## EXERCISE OBJECTIVE
Your job is to print, exactly, the lines in the data below from the line with "K10796 one piece" through the line with "De B.Nosy x", both included, and to omit any picture.

## RECORD SET
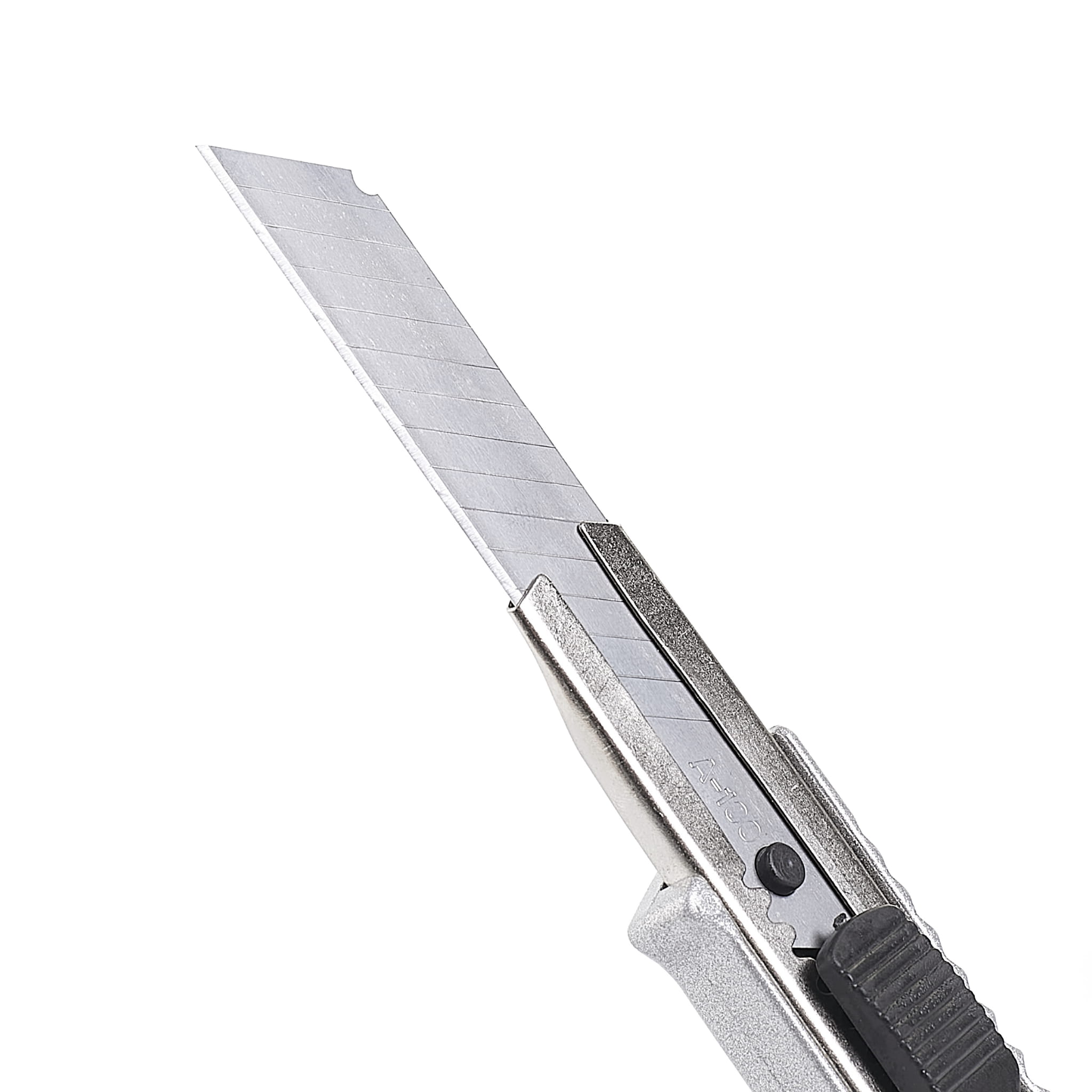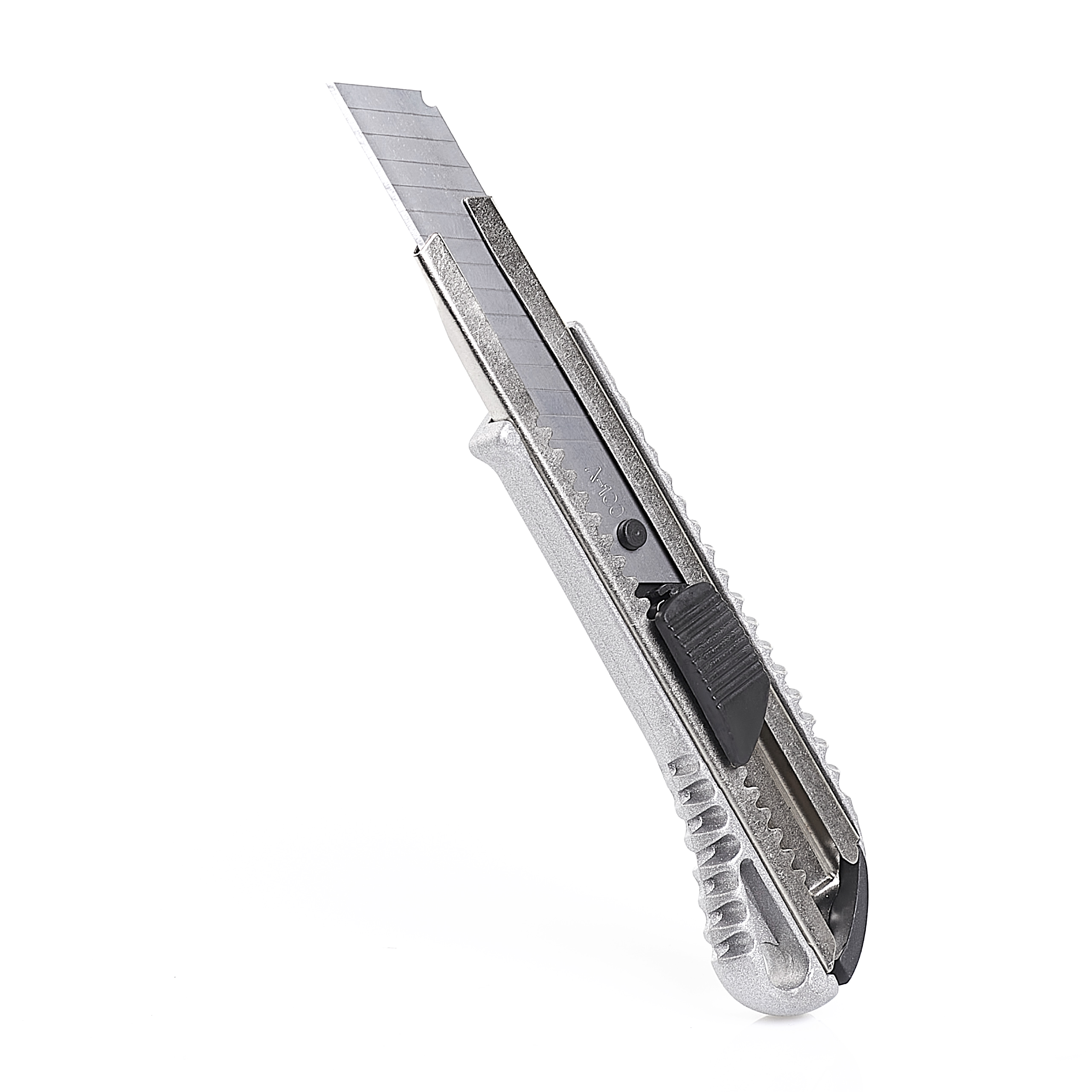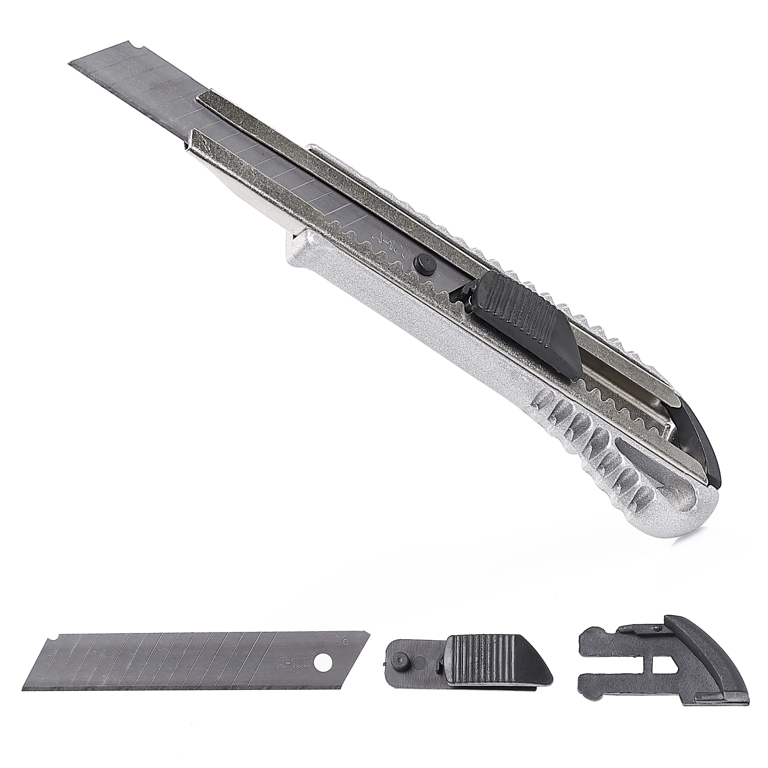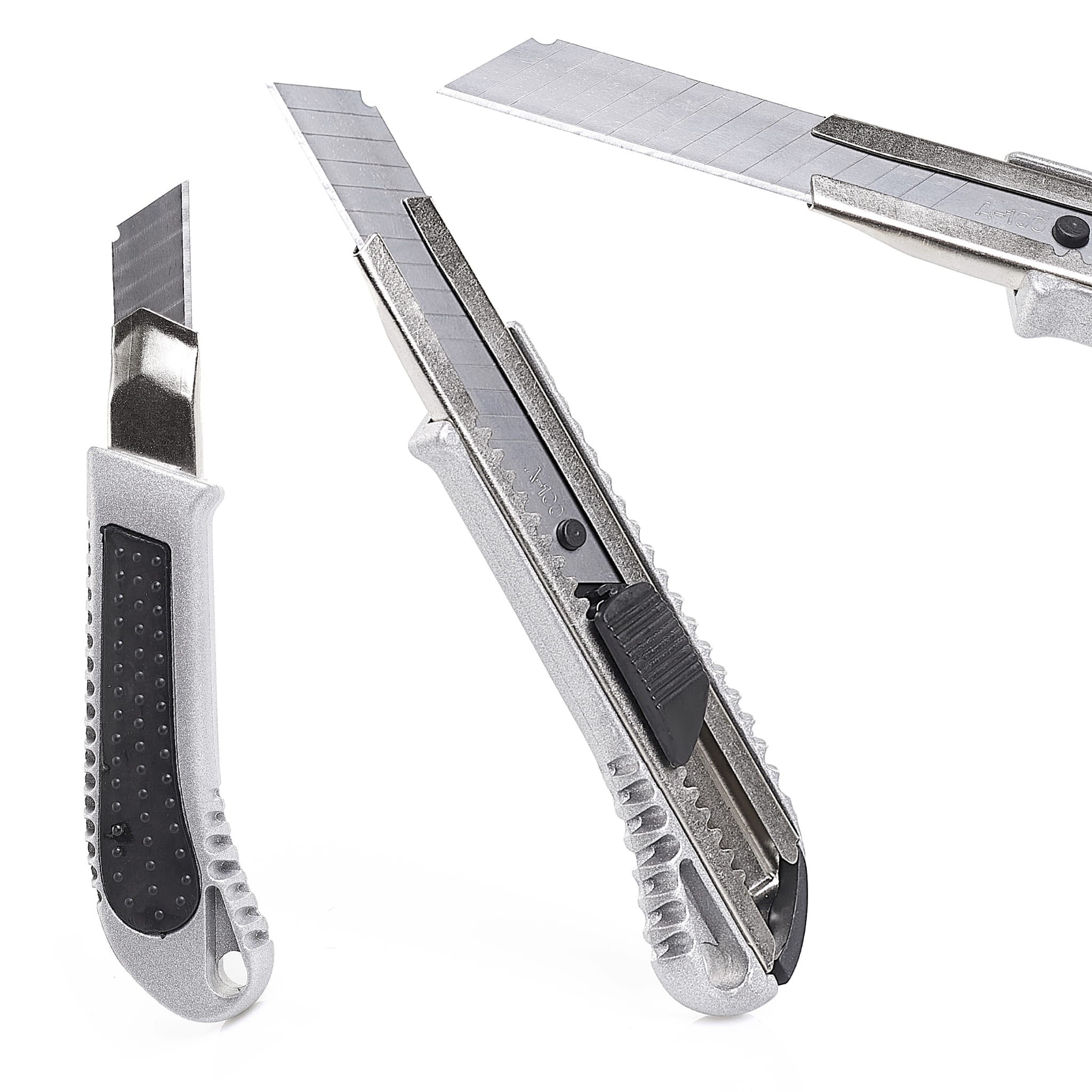Metalowy nóż do tapet to narzędzie przeznaczone do precyzyjnego cięcia tapet podczas prac remontowych i dekoracyjnych. Charakteryzuje się ostrym, wymiennym ostrzem, które umożliwia dokładne przycinanie tapet do wymaganych wymiarów. Konstrukcja noża jest zwykle wykonana z wysokiej jakości stali nierdzewnej, co zapewnia trwałość i odporność na korozję. Ergonomiczny uchwyt z metalu lub wytrzymałego tworzywa sztucznego zapewnia komfort i bezpieczeństwo użytkowania, minimalizując ryzyko poślizgnięcia się ręki. Nóż do tapet często wyposażony jest w mechanizm umożliwiający łatwą wymianę ostrzy, co jest kluczowe dla utrzymania optymalnej ostrości narzędzia
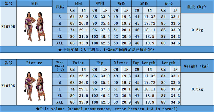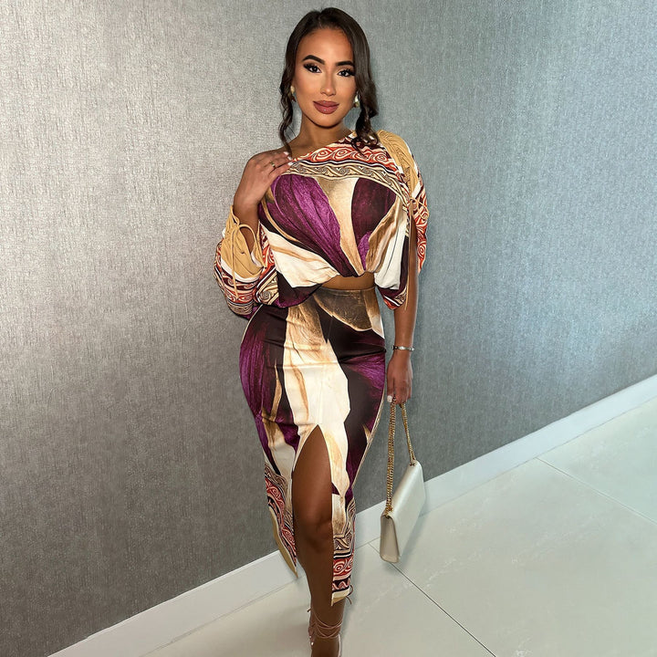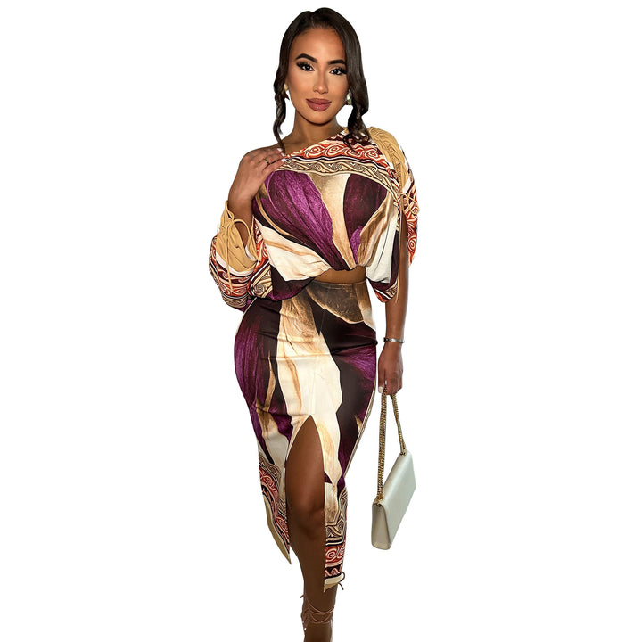 K10796 one piece minimum order European and American fashion women's clothing positioning printing off-the-shoulder split skirt set
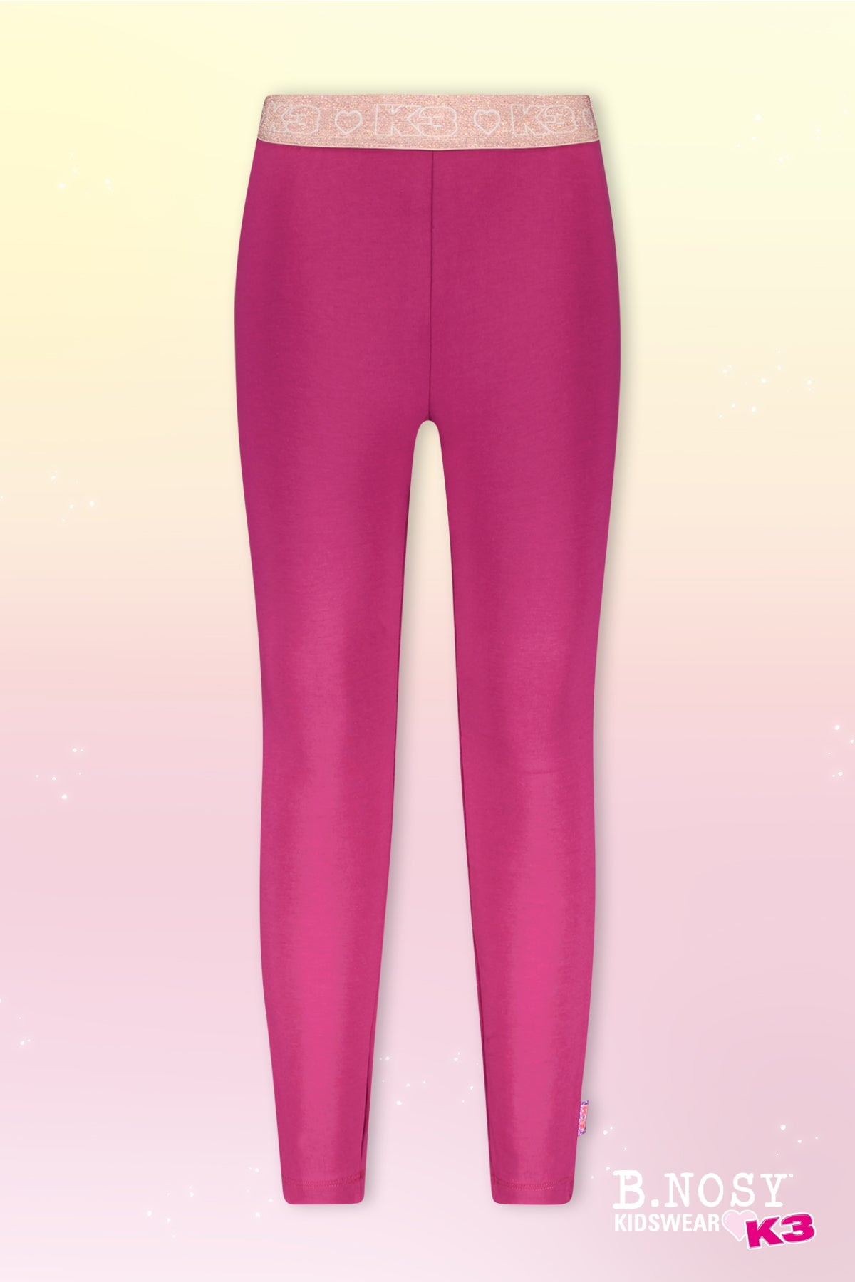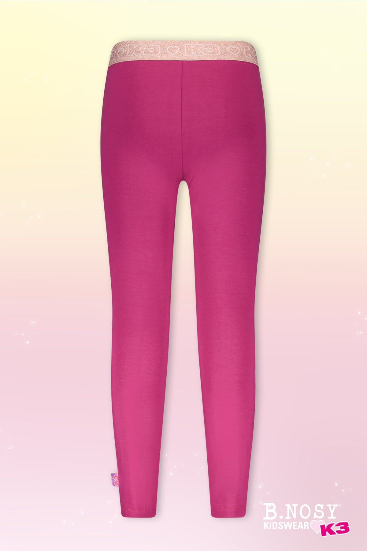 De B.Nosy x K3 legging Lizzy is een speelse en comfortabele legging verkrijgbaar in roze en paars. Perfect voor elke outfit en ideaal te combineren met een rokje of jurkje. Deze must-have biedt je kind bewegingsvrijheid en een vrolijke stijl. Laat je kleintje stralen in deze stijlvolle legging!
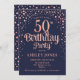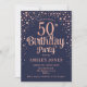 Invitation à la fête du 50e anniversaire. Design élégant en bleu marine et faux parties scintillant rose or. Comprend des polices de caractères et des confettis stylisés. Message-moi si vous avez besoin d'âge personnalisé.
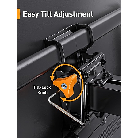 - Solid and Sturdy: Made of heavy-duty steel and dual articulating arms that are 30% thicker, this TV wall mount is UL certified for its performance, durability, and safety, and can easily hold up to 132 lbs. The tv wall mount bracket is equipped with security locks and anti-drop end caps for dependable security.
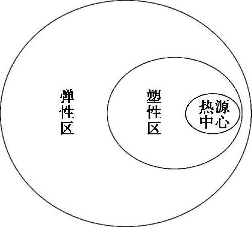 为便于后文描述,将塑性应变临界位置与热源中心的距离定义为热源塑性影响区,如图 2.23所示,进入此区域将由不均匀的温度场造成的不均匀膨胀而产生塑性变形,在此区域外不均匀温度膨胀不足以产生塑性变形。由温度场分析可知,在热源的不同方向,温度梯度不同,热源塑性影响半径也不同。
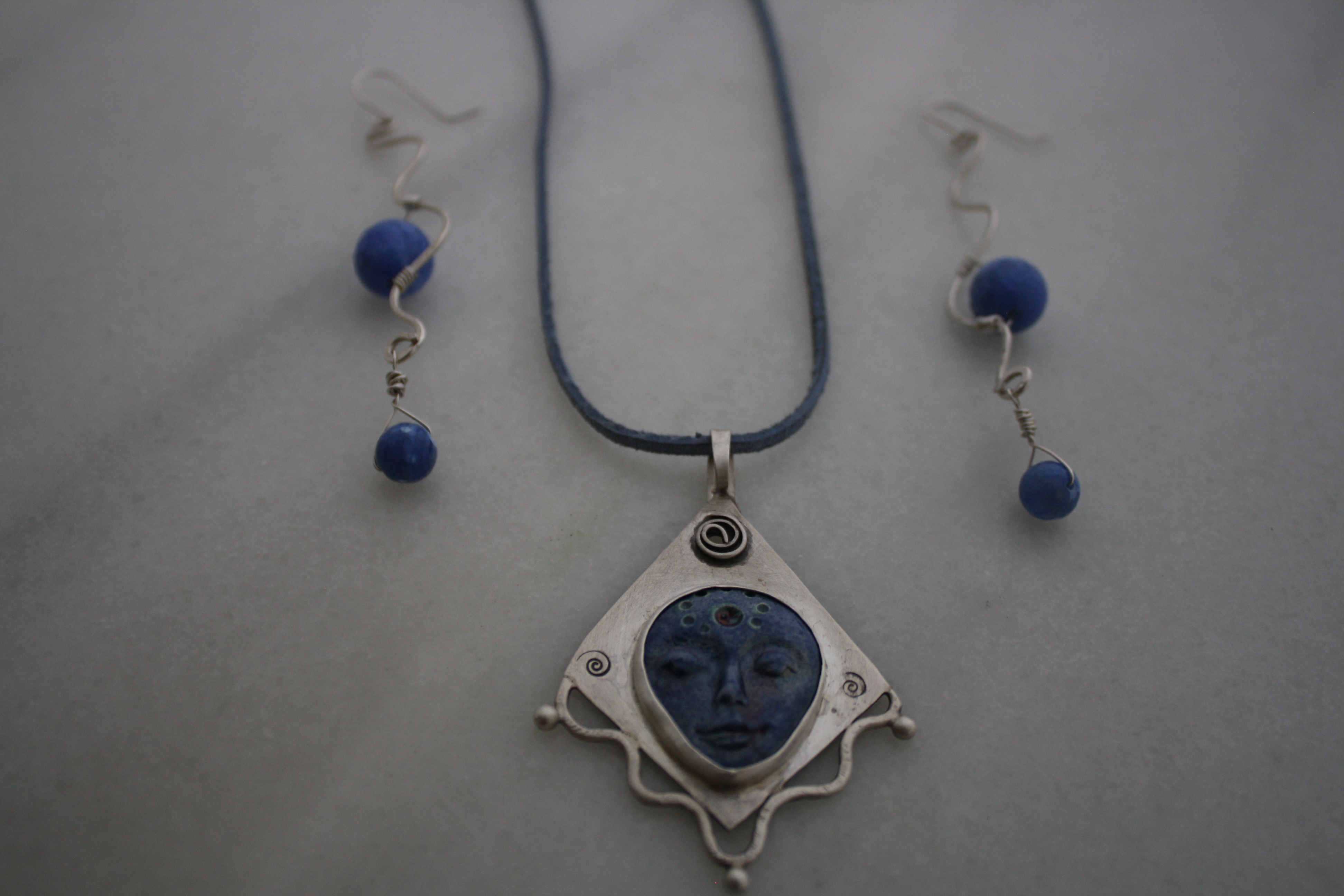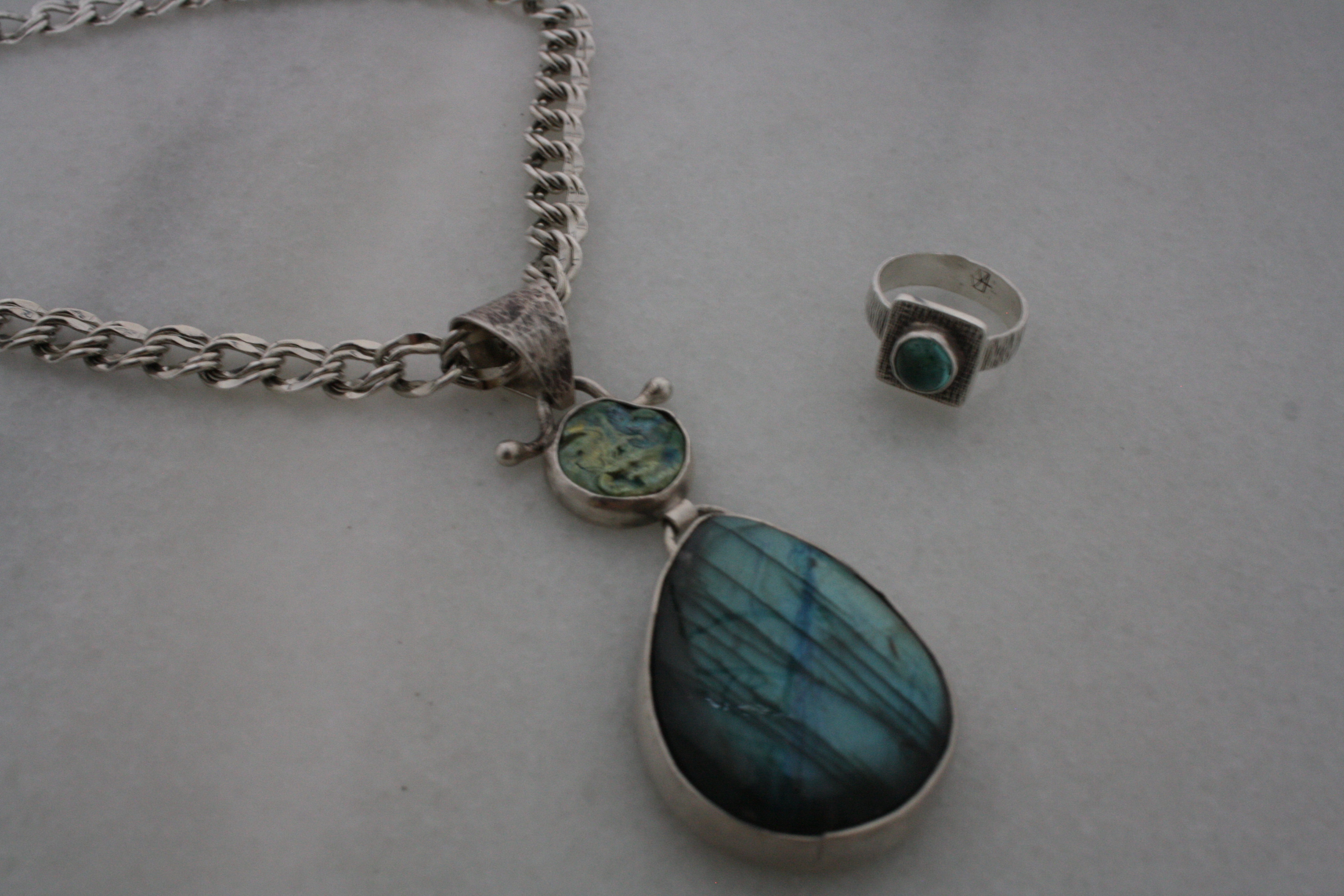 Pendant: Raku Pottery Face, Labradorite, Sterling Silver

## ANSWER SECTION
 K10796 one piece minimum order European and American fashion women's clothing positioning printing off-the-shoulder split skirt set
 De B.Nosy x K3 legging Lizzy is een speelse en comfortabele legging verkrijgbaar in roze en paars. Perfect voor elke outfit en ideaal te combineren met een rokje of jurkje. Deze must-have biedt je kind bewegingsvrijheid en een vrolijke stijl. Laat je kleintje stralen in deze stijlvolle legging!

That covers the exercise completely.